Characteristics of glucose and lipid metabolism and the interaction between gut microbiota and colonic mucosal immunity in pigs during cold exposure.

Background: Cold regions have long autumn and winter seasons and low ambient temperatures. When pigs are unable to adjust to the cold, oxidative damage and inflammation may develop. However, the differences between cold and non-cold adaptation regarding glucose and lipid metabolism, gut microbiota and colonic mucosal immunological features in pigs are unknown. This study revealed the glucose and lipid metabolic responses and the dual role of gut microbiota in pigs during cold and non-cold adaptation. Moreover, the regulatory effects of dietary glucose supplements on glucose and lipid metabolism and the colonic mucosal barrier were evaluated in cold-exposed pigs.

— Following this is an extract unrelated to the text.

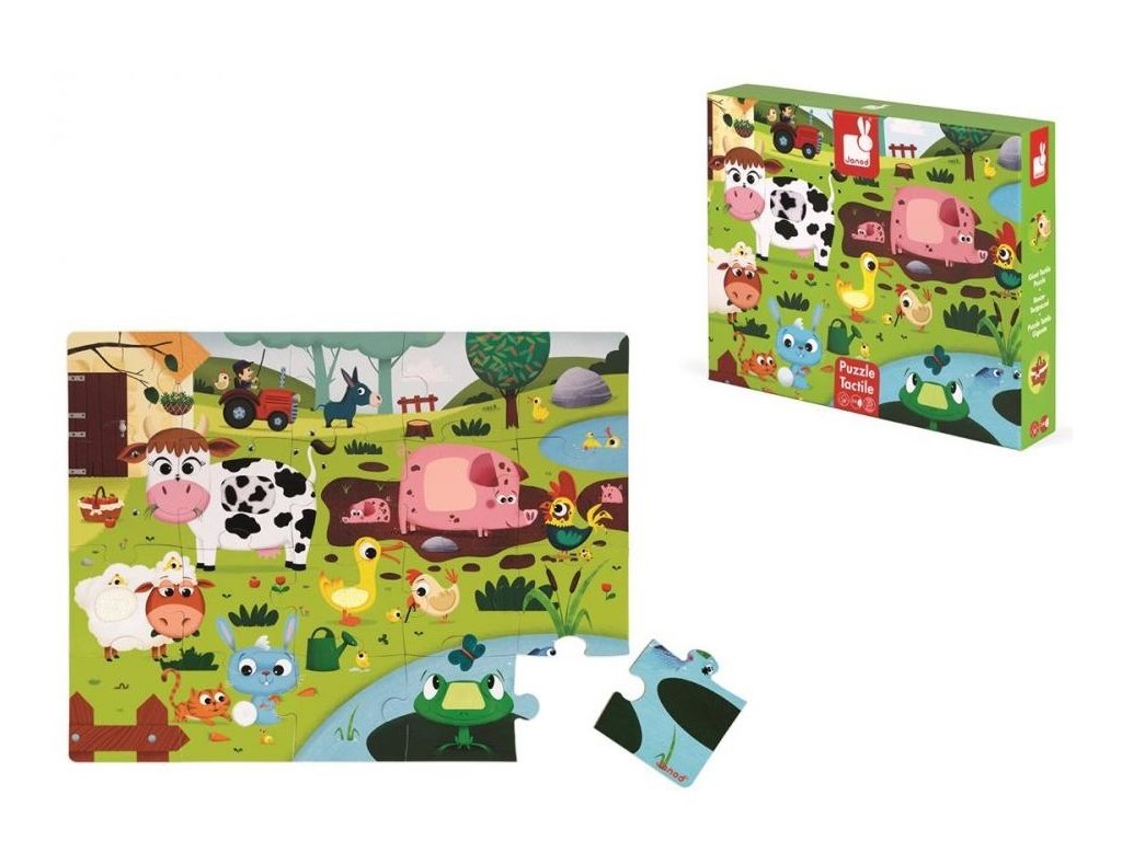 Janod Puzzle dotykové Zvieratká na farme s textúrou 20 ks senzorické

Results: Cold and non-cold-adapted models were established by Min and Yorkshire pigs. Our results exhibited that cold exposure induced glucose overconsumption in non-cold-adapted pig models (Yorkshire pigs), decreasing plasma glucose concentrations. In this case, cold exposure enhanced the ATGL and CPT-1α expression to promote liver lipolysis and fatty acid oxidation. Meanwhile, the two probiotics (Collinsella and Bifidobacterium) depletion and the enrichment of two pathogens (Sutterella and Escherichia-Shigella) in colonic microbiota are not conducive to colonic mucosal immunity. However, glucagon-mediated hepatic glycogenolysis in cold-adapted pig models (Min pigs) maintained the stability of glucose homeostasis during cold exposure. It contributed to the gut microbiota (including the enrichment of the Rikenellaceae RC9 gut group, [Eubacterium] coprostanoligenes group and WCHB1-41) that favored cold-adapted metabolism.

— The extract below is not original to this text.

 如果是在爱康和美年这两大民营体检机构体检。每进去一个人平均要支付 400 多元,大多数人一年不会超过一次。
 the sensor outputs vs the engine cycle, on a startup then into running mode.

Conclusions: The results of both models indicate that the gut microbiota during cold adaptation contributes to the protection of the colonic mucosa. During non-cold adaptation, cold-induced glucose overconsumption promotes thermogenesis through lipolysis, but interferes with the gut microbiome and colonic mucosal immunity. Furthermore, glucagon-mediated hepatic glycogenolysis contributes to glucose homeostasis during cold exposure.